Tweddle Engineering is expanding thanks to strong demand for its timber treatment plants.

The firm at Kirkbride Airfield, near Wigton, has invested £1m to boost capacity and is creating up to seven jobs, from office and administration posts to shopfloor roles such as fabricators and welders.

Tweddle’s products include material-handling conveyors, specialist trailers, pressure vessels and structural steelwork.

But it is the demand for its high-pressure timber treatment equipment that is driving the expansion.

Customers include the Swiss company Lonza (Arch Timber), Osmose UK and BSW Timber, which operates the sawmill at Cargo near Carlisle.

Managing director Derek Tweddle said: “The market is growing, as is our market share, although the pound/euro exchange rate isn’t helping.

“We’ve got a large contract in the UK for the supply of timber plants and we’re exporting to Denmark currently.

“We’re at full capacity. We’ve got work well into next year and tenders for large projects into 2017.”

Tweddle has just moved its sister business, Cumbria Profiling, to new premises next door to free up floorspace to boost production.

The company further strengthened its position in timber treatment by winning the timber innovation award (innovative product development category) at the Timber Trade Journal Awards in London this autumn.

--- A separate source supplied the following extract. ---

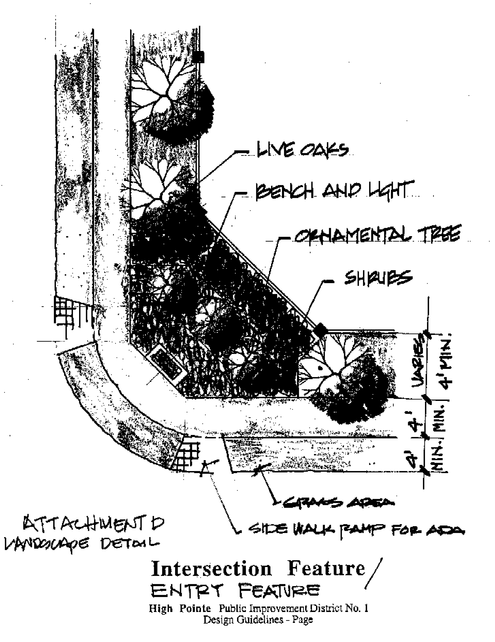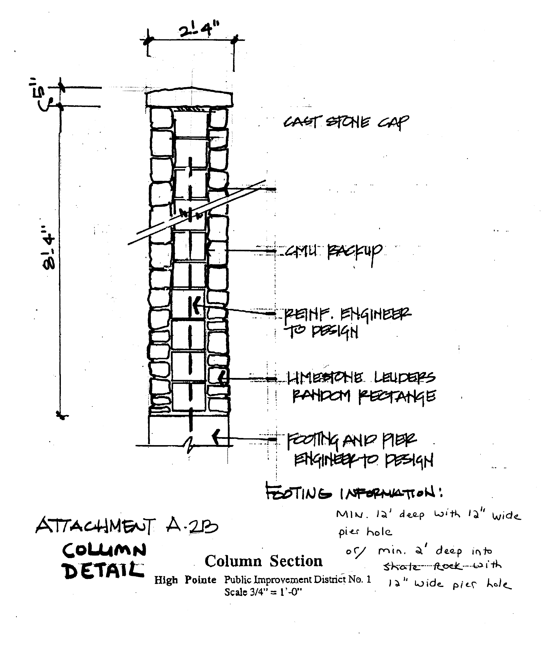 Feature sign walls, which identify the residential project, shall be constructed at each major intersection. Major intersections are defined on the map (see Attachment E). Each major intersection comer shall have one (1) feature sign wall with a landscaped bed. Each feature sign wall shall be a masonry wall, approximately 24′ × 1′ × 8′½″ constructed of Granbury stone (or approved equal) with buff color mortar. The feature sign wall shall contain a 2′ × 8′ cast stone sign with the name of the development in large letters with "at High Pointe" below in smaller letters. Feature sign wall shall be illuminated by upright from the grade in front of the wall. All electrical work needed to operate the feature sign wall lighting shall be provided by the developer. Feature sign walls shall be installed with a concrete foundation and quality stone masonry. See Attachment "C" for feature sign wall detail. All major intersection feature sign walls shall be constructed in fence and landscaped easements granted to the district for maintenance purposes.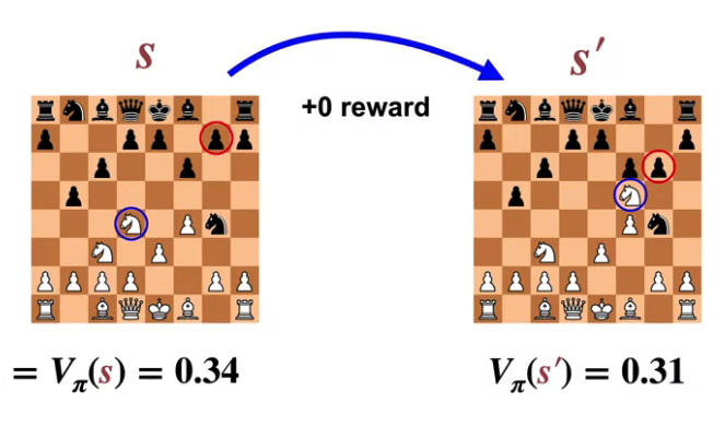하지만 가치함수는 미래의 이 보상을 고려해 게임에서 이길 확률을 계산하게 된다.

The product that clinched the prize was its Excalibur R incising machine, developed in partnership with Arch Timber Protection. This will incise machined round, bowed, irregular, tapered and peeled fence posts of any diameter, from 63mm to 200mm, in a single pass.

Mr Tweddle said: “It makes a small incision in the post that allows more of the chemical treatment to be absorbed so prolonging the life of the timber.

“Arch Timber Protection asked us to design the machine for them.

“There’s nothing like it on the market that can handle uneven posts. We’ve sold 10 in as many months.”

Tweddle Engineering currently employs 30 people, and Cumbria Profiling another seven.